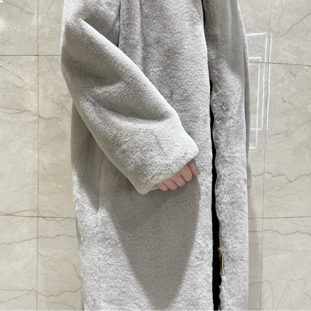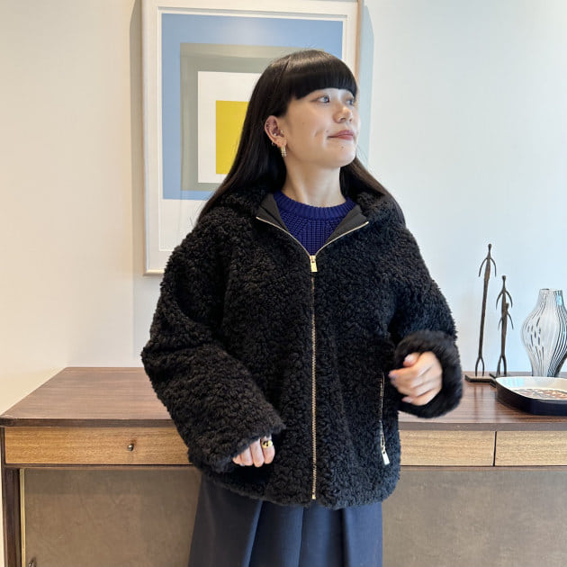 ラビットファー調エコファーを使用したフード付きブルゾンです。
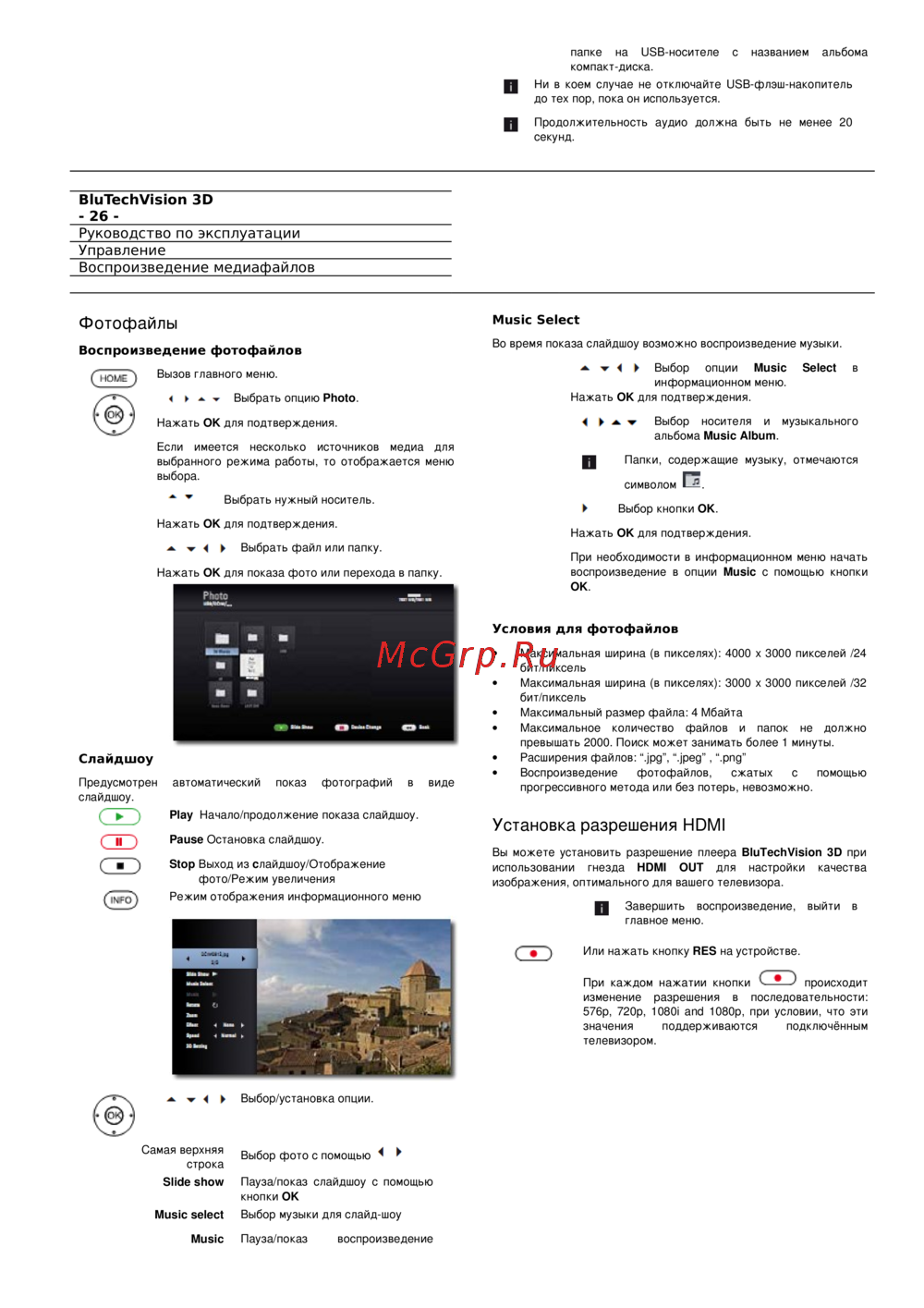 Научитесь управлять воспроизведением медиафайлов и фото на USB-носителе. Узнайте, как настроить слайдшоу и выбрать музыку для показа. Подробное руководство.
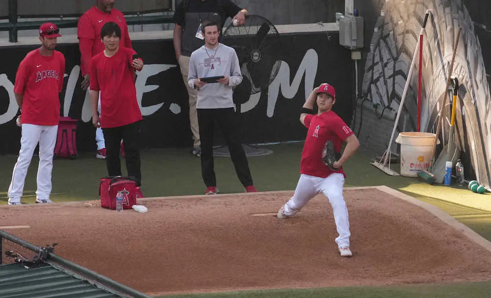試合前のブルペン投球。大谷は直球のほかにスライダー、カットボール、スプリットを含め32球を力強く投げ込み、回復を猛アピールした。マット・ワイズ投手コーチはマドン監督に「“フルゴリラ(全力で投げ込む投球練習)”のようだった」と報告。本人に意思確認した指揮官は、試合後に経緯を明かした。
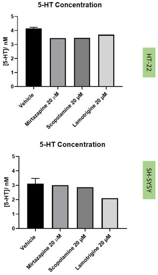 The three drugs that interact with 5-HT3 receptor (mirtazapine, scopolamine, and lamotrigine), in all the tested concentrations, did not lead to cell damage/toxicity, revealing to be good stress reversers in these concentrations. These observations are in concordance with some of the literature, which reports the potential of these drugs to be used in the therapy of depression [,,], as described in the Introduction section. Additionally, HPLC results for these drugs demonstrated that they do not substantially affect 5-HT levels on the extracellular medium, compared to the vehicle, for both cell lines. An exception can be observed with the decreased levels of 5-HT after the application of lamotrigine 20 µM, for SH-SY5Y cells. A hypothesis is that this drug may alter 5-HT levels intracellularly.
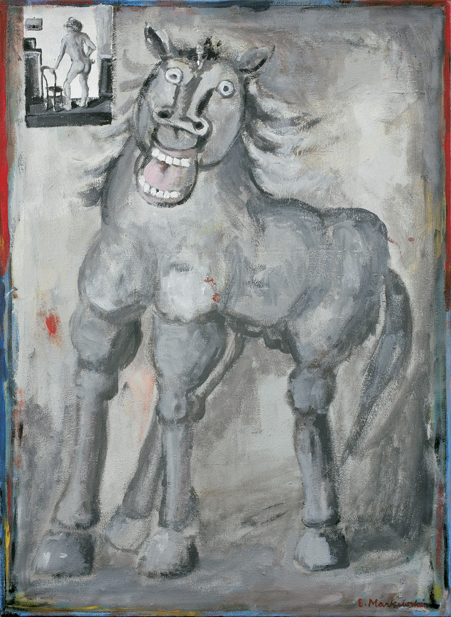 Eugeniusz Markowski (Warszawa 8 XI 1912 - Warszawa 24 II 2007) studiował w warszawskiej ASP, dyplom u prof. Tadeusza Pruszkowskiego uzyskał w 1939. Brał udział w kampanii wrześniowej i obronie Warszawy. W latach 1940-1950 przebywał we Włoszech, gdzie związał się z grupą Libera Associazione Arti Figurative i z Art Club w Rzymie. Zajmował się też projektowaniem scenografii dla rzymskiego Teatro delle Arti. Był dziennikarzem i dyplomatą we Włoszech i Kanadzie (1945-1955). Po powrocie do kraju był dyrektorem Biura Współpracy Kulturalnej z Zagranicą Ministerstwa Kultury i Sztuki (1960-1969), następnie wykładowcą i profesorem ASP w Warszawie (1969-1984). Współ-pracował jako scenograf z Operą Gdańską i teatrami warszawskimi. W 1963 reprezentował Polskę na Biennale w Sao Paulo, miał kilka wystaw indywidualnych. Jego ekspresyjny styl malowania, bezpośredniość i pewna rubaszność figuratywnych przedstawień walk i zmagań spowodowały, że w latach 80. uznano go za prekursora „nowodzikich".
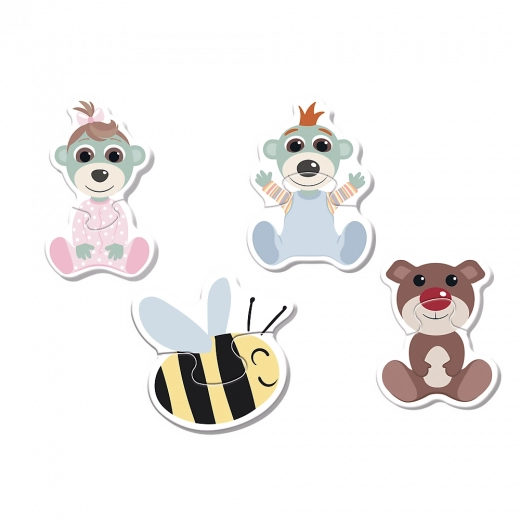 Primi puzzle per i più piccoli: 4 puzzle da 2 pezzi grandi, illustrazioni colorate di bebè e ape. Sicuri, robusti e facili da afferrare. Adatti da 1 anno.
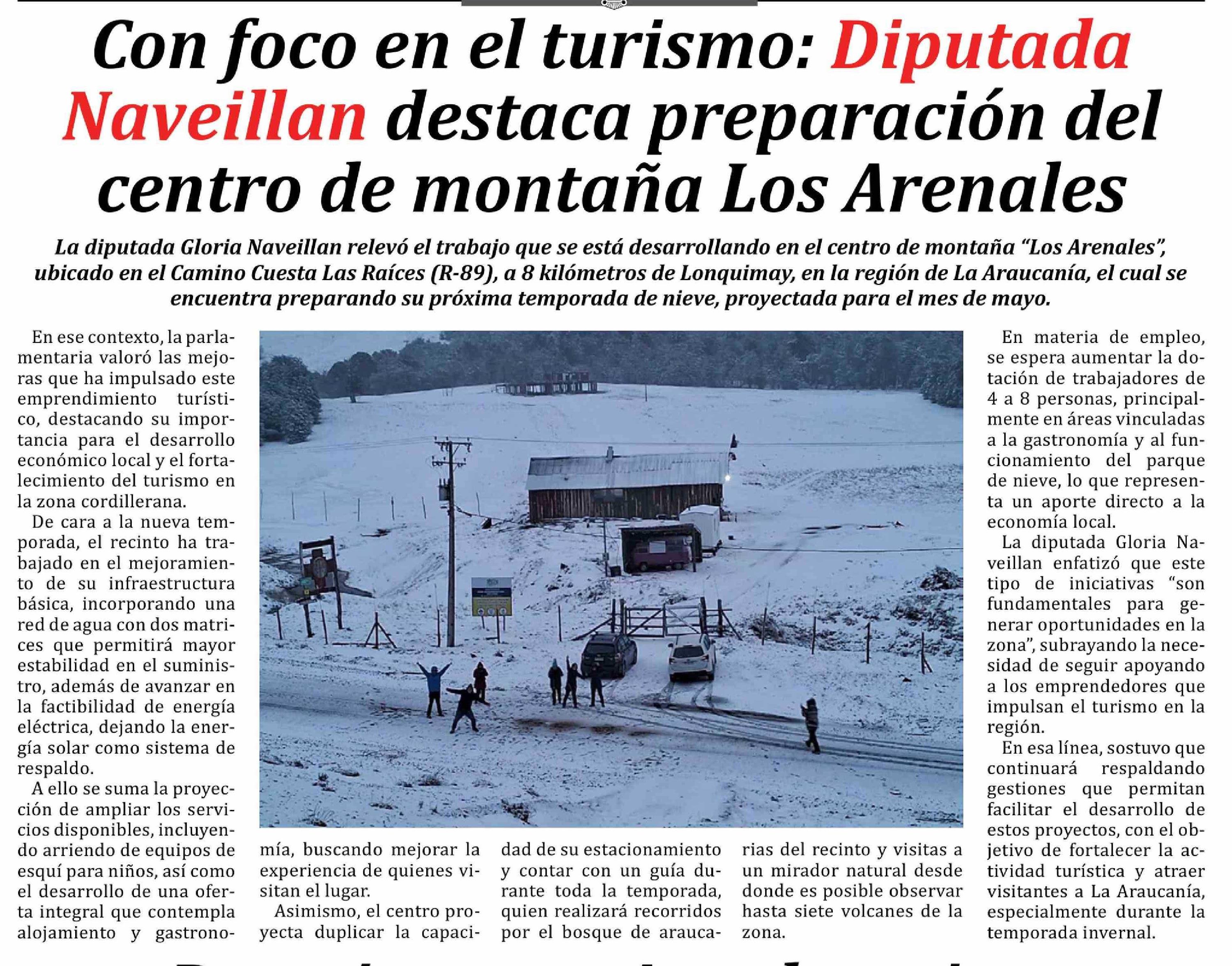 | Título: | Con foco en el turismo: Diputada Naveillan destaca preparación del centro de montaña Los Arenales |
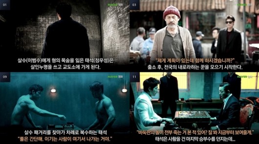 온 사방의 벽이 바둑판으로 가득 찬 교도소로 시작하는 강렬한 스틸은 앞으로 펼쳐질 태석(정우성 분)의 완벽한 복수를 암시하는 듯하다.
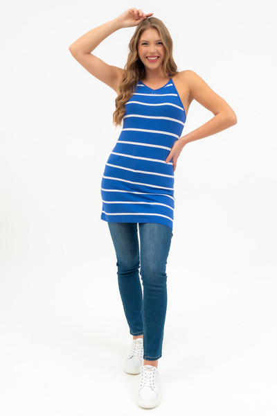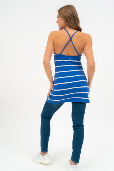 Női hosszított fazonú pántos felső. Karcsúsított fazon. Nyomott mintával díszített.
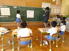 ↓ 笠野塾 月2回、14:40~15:50まで補充や発展学習を行っています。塾長先生は元、笠野小学校の校長先生です。今日は、2年生、3年生、4年生の児童と勉強しました。

————

Through the line containing "試合前のブルペン投球。大谷は" and no further, restate the data above word for word from its first line, leaving out pictures.

§ EXPECTED ANSWER:
 ラビットファー調エコファーを使用したフード付きブルゾンです。
 Научитесь управлять воспроизведением медиафайлов и фото на USB-носителе. Узнайте, как настроить слайдшоу и выбрать музыку для показа. Подробное руководство.
試合前のブルペン投球。大谷は直球のほかにスライダー、カットボール、スプリットを含め32球を力強く投げ込み、回復を猛アピールした。マット・ワイズ投手コーチはマドン監督に「“フルゴリラ(全力で投げ込む投球練習)”のようだった」と報告。本人に意思確認した指揮官は、試合後に経緯を明かした。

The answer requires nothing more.